AI will become a foundational part of enterprise software, as vertical AI takes the lead. Some of the most important advances will come from AI systems built specifically for industry contexts: regulated finance, complex healthcare ecosystems, legal workflows, supply chain and defence.

These sectors are burdened by legacy infrastructure and complex data challenges that are overdue for modernisation, and also stand to gain the most from intelligent automation and decision support – and AI is well suited to address those needs.

As these platforms mature, AI will fade into the background and will simply become how modern enterprise software works, just as cloud and mobile did before it. The differentiation will lie not in the model, but in domain expertise and execution. AI will no longer be a standalone topic but the underlying technology that powers the next generation of enterprise applications and enables organisations to operate with far greater intelligence and efficiency.

Capital will favour substance over story

Even if liquidity improves, early-stage AI founders will continue to operate in a selective environment. Early-stage dynamics remain challenging: seed-to-Series A timelines have lengthened to roughly two years, and only around one in five AI-native startups reach Series A within that window.
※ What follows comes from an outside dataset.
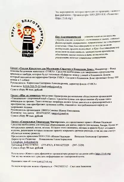 当天来展示的三个项目分别是动物保护项目、盲人舞蹈教育项目和贫困女性赋能项目,目标筹款额都是50000卢布(约5000人民币):

This means capital will continue flowing toward companies with proven late-stage AI companies rather than broadening access for UK early-stage founders. It’s less about the hype and more about evidence-backed AI companies through traction, robust infrastructure and real deployment.

AI’s ‘quiet period’ has never been louder

The narrative around AI is evolving. The early chapter belonged to technological spectacle, but the next one belongs to the builders modernising the workflows that keep the economy running. This phase is quieter, more technical and far more meaningful. AI is not replacing enterprise software but rather becoming enterprise software – the companies that understand that distinction will define not only the next year, but the next decade of growth.